Two serious government-FARC peace negotiations failed over the past three decades. And although the rebels have praised Santos' willingness to address land reform and return stolen property to landless peasants, recent weeks have seen an upsurge in violence in the conflict.
The FARC killed at least 11 soldiers in a mid-March attack in Arauca near the Venezuelan border and the military responded with two precision bombings on rebel camps that killed more than 60 insurgents.
The rebels have in recent years suffered their worst setbacks ever, beginning when Santos was defense minister from 2006-2009 and thanks to billions in U.S. military assistance and training.
Their main source of funding is the cocaine trade and military pressure has made holding kidnap victims increasingly difficult for the FARC.
Monday's mission was brokered by leftist former Sen. Piedad Córdoba, a friend of Venezuelan President Hugo Chávez who has served as a go-between in the release of 20 FARC hostages since January 2008.
The FARC has only publicly acknowledged holding captives it considered "exchangeable:" police, soldiers or politicians it held for political leverage, hoping to swap them for imprisoned rebels.
It held scores of such prisoners in the late 1990s when it controlled about half the countryside but gradually released them all, never obtaining the hoped-for exchange.
Some captives were rescued. Franco-Colombian presidential candidate Ingrid Betancourt and three U.S. military contractors in 2008 were freed in a bold ruse involving Colombian soldiers posing as members of a phony international humanitarian group.
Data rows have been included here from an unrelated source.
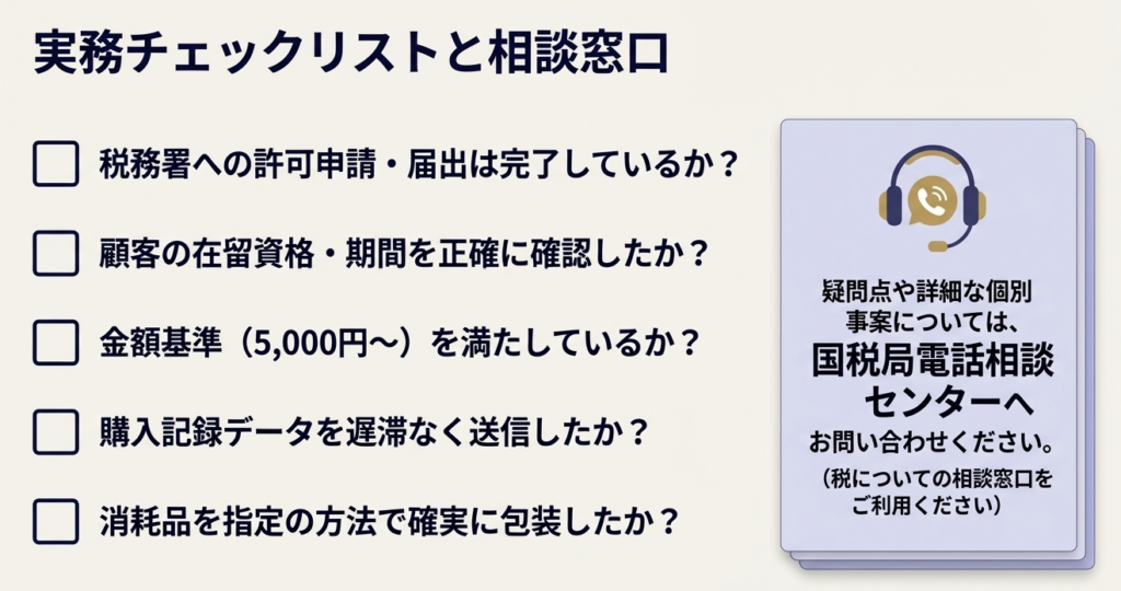 免税販売は、適切な証憑保存があって初めて成り立つ「特権」です。以下のチェックリストを日々の業務に組み込み、リスクを最小化してください。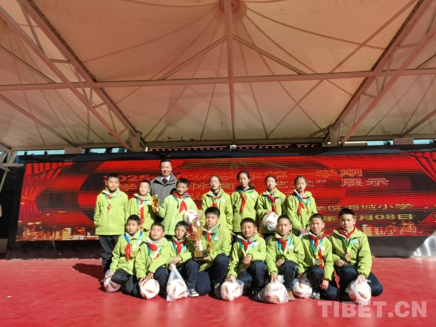 图为拉萨市城关区教育局副局长、党组成员多吉扎西为获奖队伍颁奖 摄影:马静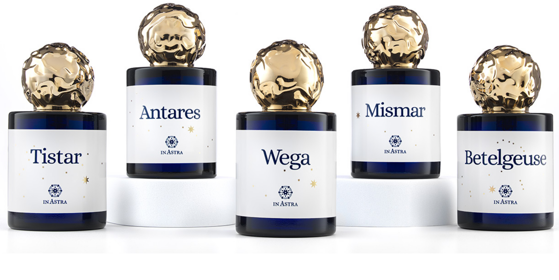 In Astra rend hommage à la beauté poétique de l’univers et de ses éléments. In Astra est l’union entre l’art de la parfumerie et l’astronomie. Ce projet artistique veut créer un parallélisme entre étoiles et parfum : les étoiles, comme le parfum d’ailleurs, sont toujours présentes sans être visibles et elles semblent être apparemment arrêtées, mais en évolution continue. Comme les astres changent leur état pendant leur vie, le parfum aussi se révèle peu à peu en dissipant, grâce aux notes de tête, de coeur et de fond.

But others, at least 25, died in captivity, many killed by FARC insurgents when rescuers real or imagined neared.
Among those in attendance for Monday's release was Rigoberta Menchú, the Guatemalan rights activist who won the 1992 Nobel Peace prize.
She said it is now time for Colombia's government to respond to the FARC's gesture with its own display of political willingness to attain peace.
But analysts caution that peace talks, even back-channel negotiations, could be a long time coming.
Many don't believe they could happen before 2014 presidential elections.